Para Gabriela Lotta, professora da FGV e coordenadora do Núcleo de Estudos da Burocracia, os EPIs deveriam fazer parte da normalidade, e não das situações de emergência.

"Os EPIs são, obviamente, uma condição básica para o trabalho na saúde. Todo profissional deveria ter máscara, luva, álcool em gel. Sabemos que o Brasil atrasou muito na aquisição desses equipamentos. Tínhamos cerca de quatro semanas de preparação à frente dos epicentros na Ásia e na Europa, mas o país não fez compras antecipadas, não incentivou a indústria nacional a comprar antecipadamente o equipamento, e fomos comprar quando já estava muito em cima".

A pesquisadora lembra, ainda, que os EPIs não chegaram a muitos profissionais a despeito da normalização dos estoques no mercado.

"Isso é assustador. O que tem acontecido é: ou os profissionais compram seus próprios EPIs ou fabricam seus próprios equipamentos. O problema é que não sabemos a qualidade desses materiais, nem se conseguem dar a produção necessária. Em geral, os agentes comunitários de saúde e dos agentes de combate à endemia são os mais vulneráveis. Ainda assim, 37% dos médicos não têm acesso, o que dá a dimensão da gravidade", pontua Gabriela Lotta.

A vulnerabilidade dos profissionais da linha de frente do combate é ainda mais dramática para os agentes, que atuam muito além da crise da Covid-19.

"Esses profissionais são, por vezes, a única fonte de informação em territórios muito vulneráveis. Eles assumem um papel estratégico nesse momento, tanto para levar informação onde ela necessariamnete não chega, como também para ajudar e prevenir outras enfermidades. Não só no enfrentamento à pandemia do coronavírus, mas também na continuidade de acompanhamento de outras doenças e comorbidades", lembra Giordano Magri, pesquisador do núcleo.

Preparação

O estudo da FGV-SP também concluiu que parte expressiva dos profissionais não recebeu treinamento voltado para o contexto pandêmico. Apenas 21,91% afirmou ter recebido orientações específicas, a maior parte médicos. Além disso, 67% afirmaram não encontrar suporte por parte do governo federal. Já em relação aos Executivos estaduais, esse sentimento foi manifestado por 51% deles.
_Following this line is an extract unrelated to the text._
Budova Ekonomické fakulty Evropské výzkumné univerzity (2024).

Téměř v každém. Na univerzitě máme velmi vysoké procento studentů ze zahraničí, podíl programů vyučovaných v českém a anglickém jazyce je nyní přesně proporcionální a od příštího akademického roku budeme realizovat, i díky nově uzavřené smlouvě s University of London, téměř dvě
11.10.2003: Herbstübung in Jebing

A falta de preparo se destaca entre os entrevistados das regiões Norte e Nordeste. O Sudeste, região que foi a primeira a ser atingida pela Covid-19, concentra as maiores fatias para o setor no país, o que, para Gabriela Lotta, reflete o histórico do sistema de saúde regional, mais desenvolvido do que em outras regiões do país.
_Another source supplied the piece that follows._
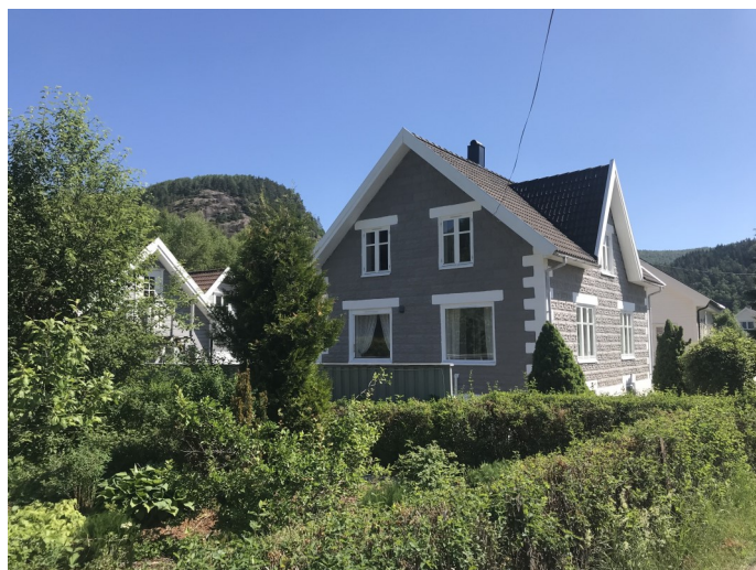
Murhus på Snartemo

"Fica muito evidente que as regiões Norte e Nordeste estão piores do que todas as outras. Claramente há uma desigualdade regional em todos os aspectos avaliados. Isso vem da desigualdade de capacidade dos estados. Sabemos por vários indicadores que há uma distribuição desigual de médicos, leitos de UTI e equipamentos no Brasil. No momento de pandemia, essas desigualdades acumuladas explodem. A catástrofe que Manaus está passando é exatamente o reflexo disso", avalia a professora da FGV.

Na avaliação da pesquisadora, muitos problemas são de fácil solução:

"Nós propomos sugestões que são fáceis. Não são grandes mudanças. São necessários testes periódicos do profissional, vídeos de treinamento para esclarecer desde o uso de máscaras até o que é fake news e o que não é, distribuir equipamentos. Não fazer isso é mais descaso governamental do que um problema complexo". 
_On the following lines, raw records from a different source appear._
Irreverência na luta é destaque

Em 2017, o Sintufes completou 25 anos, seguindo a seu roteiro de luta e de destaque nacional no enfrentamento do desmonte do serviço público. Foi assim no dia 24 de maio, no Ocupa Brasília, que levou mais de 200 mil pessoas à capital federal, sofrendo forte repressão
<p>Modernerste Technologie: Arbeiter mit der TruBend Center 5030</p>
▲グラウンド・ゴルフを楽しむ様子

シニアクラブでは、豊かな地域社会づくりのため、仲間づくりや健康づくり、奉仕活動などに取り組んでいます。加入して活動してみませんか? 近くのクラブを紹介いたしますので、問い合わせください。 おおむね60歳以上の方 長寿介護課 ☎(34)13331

Outro aspecto destacado pelo estudo é a forma como a Covid-19 mudou a rotina de trabalho: 88% dos profissionais ouvidos afirmaram ter mudado a forma de contato com os pacientes. Destes, grande parte cita o distanciamento físico. Ainda de acordo com a pesquisa, 75% dos entrevistados alegaram ter alterado procedimentos de trabalho. A introdução de novas tecnologias também é uma outra face da nova realidade.